Stéphanie Périquet

Last update: 9 August 2017

Title: Sharing the top: How do Spotted hyaenas cope with Lions?

Summary

The main goal of this project is to provide sound data to better understand how hyaenas and lions can coexist in the same area.

We will determine the extent of competition for food and habitat between these 2 species that will help taking management decision for the conservations of large carnivores in Africa. This will also help to understand why hyaenas, lions and other large carnivore go out of protected areas where they get into conflicts with local communities.

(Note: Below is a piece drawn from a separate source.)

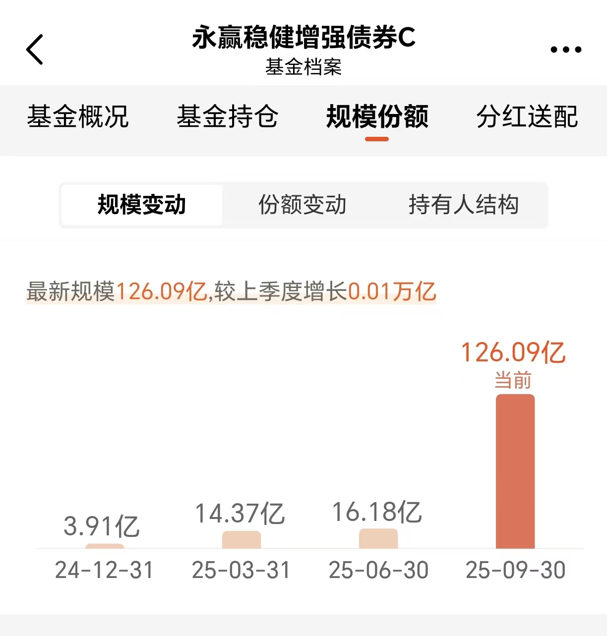固收+产品成为了投资市场的新宠。$永赢稳健增强债券C$ (014089)在这一趋势下表现抢眼,以绩优固收+的身份吸引了众多投资者的目光,随着资金的买入,最新规模已达126.09亿!

Top carnivores determine biodiversity of an ecosystem through herbivore predation but also through interacting with sympatric carnivore populations. Carnivores are also a source of tourism and trophy hunting incomes  and carnivore conservation can bring money to local communities. The conservation of such emblematic species is particularly important in Africa, where ungulates and carnivores diversity is particularly high.

Interspecific competition has been studied extensively for wild dogs and cheetahs versus lions, but very little is know on the extent of such a competition between the 2 top predators: lions and spotted hyenas. Spotted hyaenas have to cope with avoiding lions and staying close to them to gain access to food resources. In Hwange protected area, competition with lions have become more intense since lion trophy hunting had been banned since 2004. Male lions are doing particularly well and their presence at a carcass is assumed to prevent hyaenas to access it. Approximately 50 lions in Hwange National Park (HNP or Hwange hereafter) are already equipped with VHF, GPS or satellite collars (Hwange Lion Research, WildCRU, Oxford) and their ecology in this park is well known. These data can be used to better understand lion-hyaena interactions.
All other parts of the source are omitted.